Polar and Ferrel cells

Extremely cold, dense air also subsides over the North and South Poles. It produces the two polar high-pressure regions. Air flows out from them and is deflected to become the polar easterly winds.

The Coriolis effect

Any object moving toward or away from the equator and not firmly attached to the surface does not travel in a straight line. As the diagram illustrates. It is deflected to the right in the Northern Hemisphere and to the left in the Southern Hemisphere. Moving air and water tend to follow a clockwise path in the Northern Hemisphere and a counterclockwise path in the Southern Hemisphere.

The French physicist Gaspard Gustave de Coriolis (1792-1843) discovered the reason for this in 1835, and it is called the Coriolis effect. It happens because the Earth is a rotating sphere, and as an object moves above the surface, the Earth below is also moving. The effect used to be called the Coriolis "force," and it is still abbreviated as CorF, but it is not a force. It simply results from the fact that we observe motion in relation to fixed points on the surface.
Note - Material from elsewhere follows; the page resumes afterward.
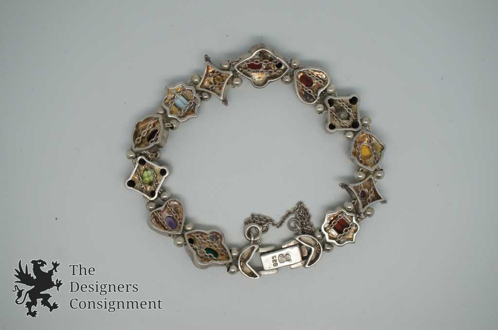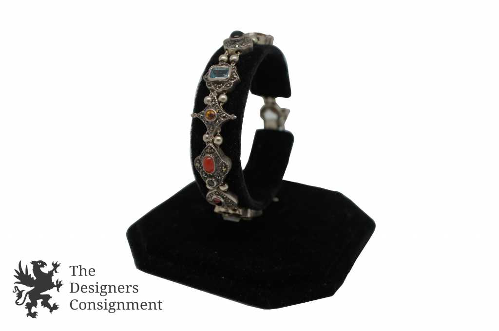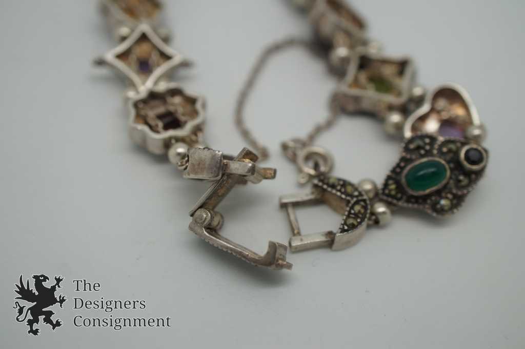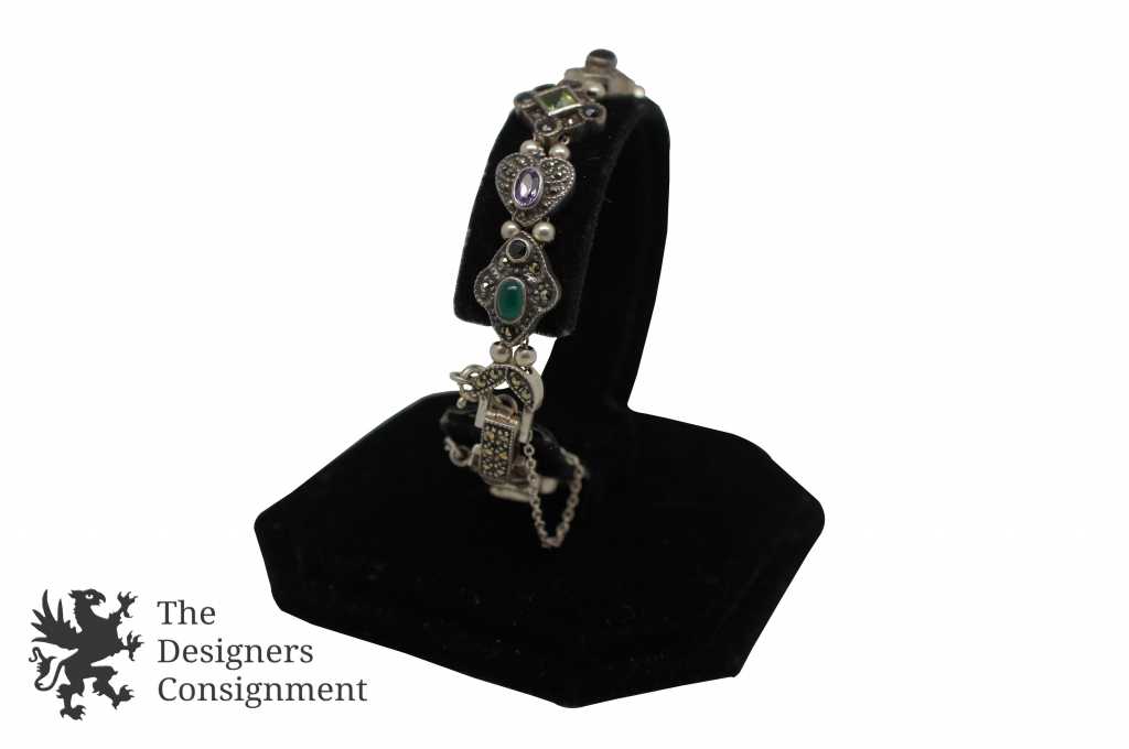 A beautiful art deco style charm bracelet with hematite chips. Band is sterling silver. A neat addition to any collection.
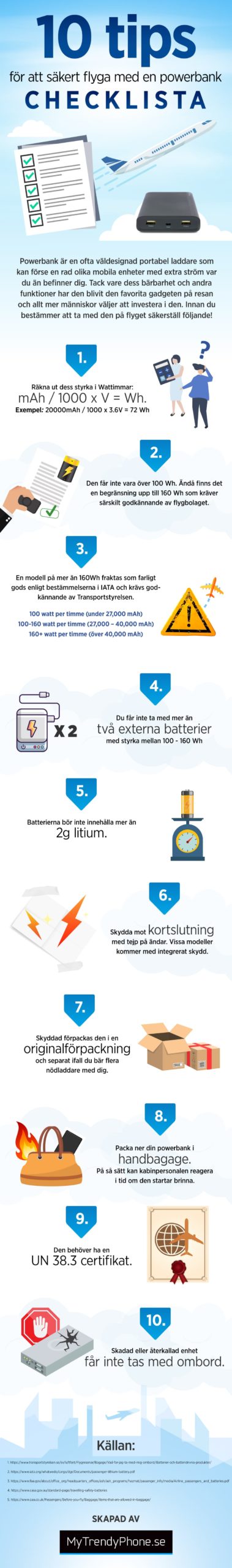 Ja, självklart att du kan ta med den ombord, men du också måste iaktta vissa regler som gäller för farligt gods och batteridrivna produkter som powerbanks nämligen är. MyTrendyPhone har samlat alla dessa regler i en kort infografik som du också kan kolla här.

The Earth makes one complete turn on its axis every 24 hours. This means every point on the surface is constantly moving and returns to its original position (relative to the Sun) every 24 hours, but because the Earth is a sphere, different points on the surface travel different distances to do so. If you find it difficult to imagine that New York and Bogotá—or any other two places in different latitudes—are moving through space at different speeds, consider what would happen if this were not so: the world would tear itself apart.

Consider two points on the surface, one at the equator and the other at 40° N, which is the approximate latitude of New York and Madrid. The equator, latitude 0°, is about 24,881 miles (40,033

km) long. That is how far a point on the equator must travel in 24 hours, which means it moves at about 1,037 MPH (1,668 km/h). At 40° N, the circumference parallel to the equator is about 19,057 miles (30,663 km). The point there has less distance to travel and so it moves at about 794 MPH (1,277 km/h).

Suppose you planned to fly an aircraft to New York from the point on the equator due south of New York (and could ignore the winds). If you headed due north, you would not reach New York. At the equator you are already traveling eastward at 1,037 MPH (1,668 km/h). As you fly north, the surface beneath you is also traveling east, but at a slower speed the farther you travel. If the journey from 0° to 40° N took you six hours, in that time you would also move about 6,000 miles (9,654 km) to the east, relative to the position of the surface beneath you, but the surface itself would also move, at New York by about 4,700 miles (7,562 km). Consequently, you would end not at New York, but (6,000 - 4,700 =) 1,300 miles (2,092 km) to the east of New York, way out over the Atlantic, somewhere due south of Greenland.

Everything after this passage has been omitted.